This is a classic I don't have a catchy term for it problem, where someone focusses on the details of a given contrived example and thinks the problem and the solution are all solved by addressing the details of that specific contrived example.
The 2am story above is not the problem. Thinking up something that would have avoided that specific story like "have 3 people in shift rotation instead of just yourself, and then you never have a 2am problem", or "don't push code at 2am" is not a solution to the problem.
The value of simple data formats that can be directly read by a human without any special tools, is that it makes the data accessible to reading, analyzing, even processing or modifying, in all of the unknown unknowable infinite possible situations.
You don't know ahead of time that you will one day solve a problem deep in the trenches by being able to read or maybe even modify a file or the stdin in a cgi before some crazy untouchable special app picks it up. You don't know ahead of time that the platform will not have a db client you can use to access the data, but you do know that everything can process text, even an obscure cpu with no gcc or git or any of your usual nice toys, has some sort of shell and some sort of text editor.
You can't touch the main app which is some legacy mainframe banking thing or something, you don't have and can't install or compile anything, but you can still read the data and see that there is some unicode character scattered all through it, and you can set up a dirty hack stream edit to convert it to a single byte ascii replacement, using nothing but plain posix sh or some equivalent no matter what the platform.
And that ugly hack is nine thousand times more useful to the bosses and to yourself than not being able to see what was wrong with the data, and then only being able to say "the other side is sending us bad data, it will be broken until they fix their end, or until we can modify the crazy untouchable thing on our end, because I'm a helpless useless twat"

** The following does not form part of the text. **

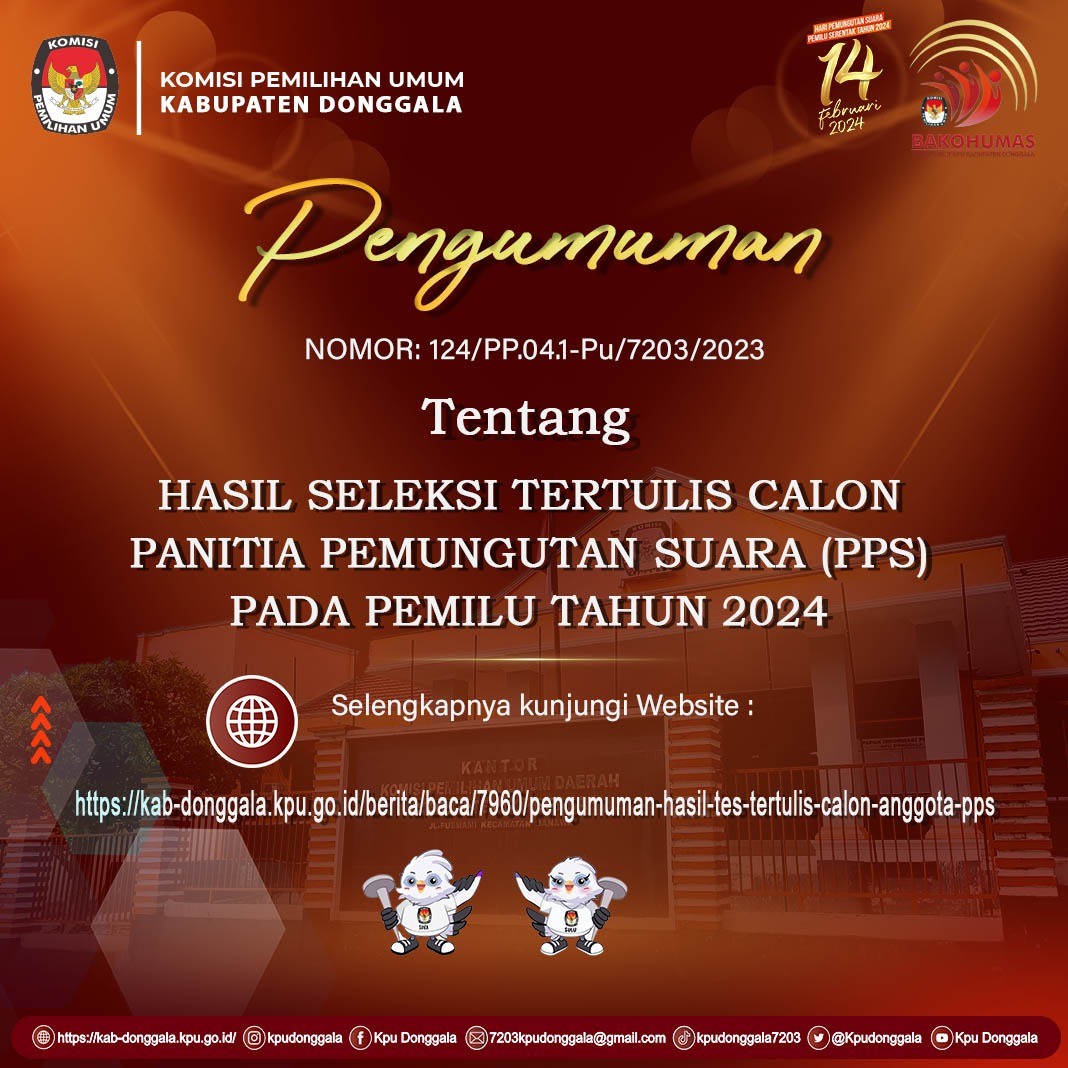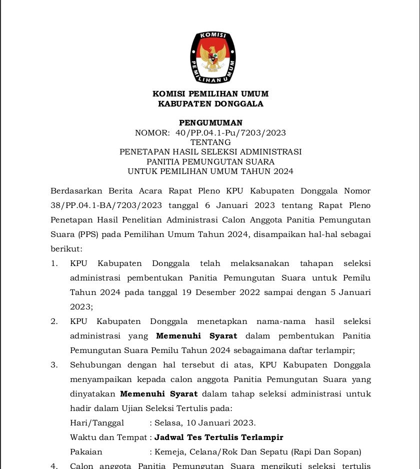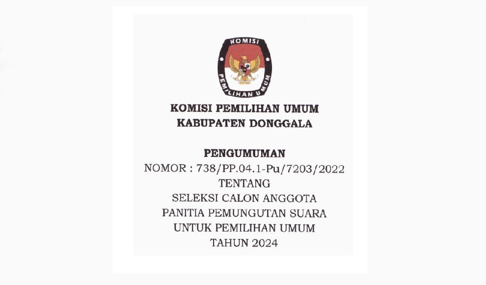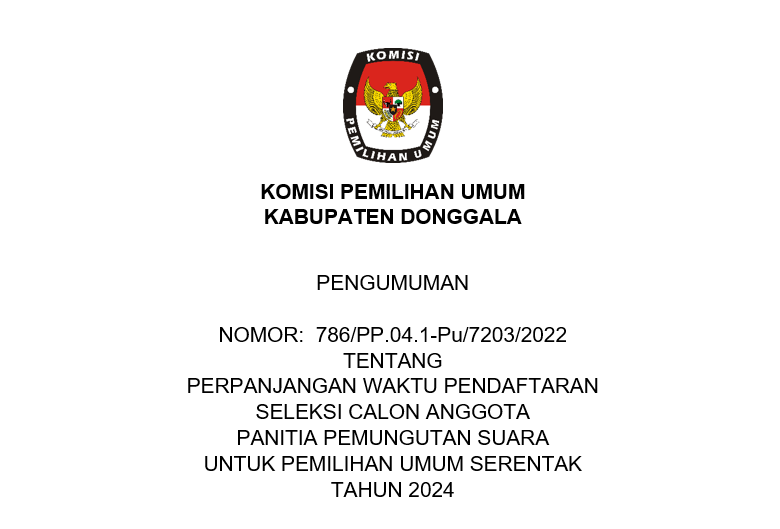 Sehubungan dengan terbitnya Keputusan Komisi Pemilihan Umum Nomor 534 Tahun 2022 tentang Perubahan atas Keputusan Komisi Pemilihan Umum Nomor 476 Tahun 2022 tentang Pedoman Teknis Pembentukan Badan Adhoc Penyelenggara Pemilihan Umum dan Pemilihan Gubernur dan Wakil Gubernur, Bupati dan Wakil Bupati, dan Walikota dan Wakil Walikota yang mengatur mengenai perubahan jadwal pembentukan PPS di dalamnya, dengan ini KPU Kabupaten Donggala menyampaikan Pengumuman NOMOR : 754/PP.04.1-Pu/7203/2022 TENTANG PERUBAHAN JADWAL PENDAFTARAN PANITIA PEMUNGUTAN SUARA UNTUK PEMILIHAN UMUM TAHUN 2024.

You can't predict ahead of time exactly when or why or how you will end up wanting to be able to access the data without the normal proper tools or apps from the happy path. But it's a fact that it happens, and having the option is more useful than not having the option. And being the person who can solve a problem is more useful than being the person who can't do anything any other way except the normal expected way.
No one said this trumps all other considerations for all jobs for all data, just that it's very valuable, a consideration among other considerations, and you can't predict all the specific ways in which it is valuable, and so giving it up has to be necessary not thoughtless.